Reranking. A cross-encoder reranker on the top 50 hybrid results, narrowed to the top 5 or 10 for the prompt, dramatically improves answer quality. Baraa treats reranking as non-negotiable for any RAG system that needs to answer specific factual questions.
Citations. Every RAG answer Baraa ships includes citations back to the source chunks.

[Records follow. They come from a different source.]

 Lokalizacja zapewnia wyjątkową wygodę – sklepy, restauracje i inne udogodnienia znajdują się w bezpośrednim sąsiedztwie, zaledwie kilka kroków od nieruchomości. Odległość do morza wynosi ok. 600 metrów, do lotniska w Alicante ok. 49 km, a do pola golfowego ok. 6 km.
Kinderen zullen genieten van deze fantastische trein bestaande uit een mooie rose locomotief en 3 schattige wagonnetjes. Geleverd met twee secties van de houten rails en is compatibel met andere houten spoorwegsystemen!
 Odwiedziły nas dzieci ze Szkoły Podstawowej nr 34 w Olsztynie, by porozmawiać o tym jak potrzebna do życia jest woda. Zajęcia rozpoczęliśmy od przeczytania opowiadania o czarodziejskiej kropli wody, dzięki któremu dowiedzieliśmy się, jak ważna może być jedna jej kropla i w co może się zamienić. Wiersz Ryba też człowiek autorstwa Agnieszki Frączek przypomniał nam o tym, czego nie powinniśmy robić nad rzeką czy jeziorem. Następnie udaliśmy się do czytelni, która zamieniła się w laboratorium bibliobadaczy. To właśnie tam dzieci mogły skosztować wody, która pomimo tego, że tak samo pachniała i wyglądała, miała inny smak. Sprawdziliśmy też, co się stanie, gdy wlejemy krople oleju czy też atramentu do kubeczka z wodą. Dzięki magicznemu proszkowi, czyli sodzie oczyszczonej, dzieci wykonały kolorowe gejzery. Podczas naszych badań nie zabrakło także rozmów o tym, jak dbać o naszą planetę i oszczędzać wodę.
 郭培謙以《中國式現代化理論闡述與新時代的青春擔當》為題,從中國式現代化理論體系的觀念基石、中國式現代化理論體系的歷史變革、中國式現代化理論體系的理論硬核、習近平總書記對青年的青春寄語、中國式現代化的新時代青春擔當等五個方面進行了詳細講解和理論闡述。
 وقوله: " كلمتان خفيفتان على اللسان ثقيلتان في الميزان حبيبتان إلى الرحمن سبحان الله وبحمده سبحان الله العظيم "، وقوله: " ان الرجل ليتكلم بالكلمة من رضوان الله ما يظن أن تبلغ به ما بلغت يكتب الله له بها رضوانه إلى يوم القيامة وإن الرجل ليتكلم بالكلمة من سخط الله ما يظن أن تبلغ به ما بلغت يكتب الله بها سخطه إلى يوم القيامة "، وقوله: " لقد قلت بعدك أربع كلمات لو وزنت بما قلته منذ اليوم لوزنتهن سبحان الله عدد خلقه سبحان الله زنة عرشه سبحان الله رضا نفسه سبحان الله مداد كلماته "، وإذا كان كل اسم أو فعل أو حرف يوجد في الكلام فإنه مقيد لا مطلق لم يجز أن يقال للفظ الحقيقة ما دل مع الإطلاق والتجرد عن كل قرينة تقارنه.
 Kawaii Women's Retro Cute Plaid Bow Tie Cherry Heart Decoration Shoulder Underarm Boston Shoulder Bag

The model is instructed to refuse if it cannot cite. This is the single most effective hallucination-control technique Baraa has adopted.

RAG is not the answer to every problem. If the user's query needs computation, RAG cannot help. If the user's query needs to take an action - book a flight, send an email, query a live database - RAG cannot help. That is where tool use comes in.

Tool use and function calling

Tool use turns the LLM from an answering machine into an agent. The model sees a list of functions ("tools") it can call. When the user's request matches a tool, the model emits a structured call (function name, arguments). The system executes the tool. The result goes back into the conversation. The model continues, possibly calling more tools, until it has enough information to answer.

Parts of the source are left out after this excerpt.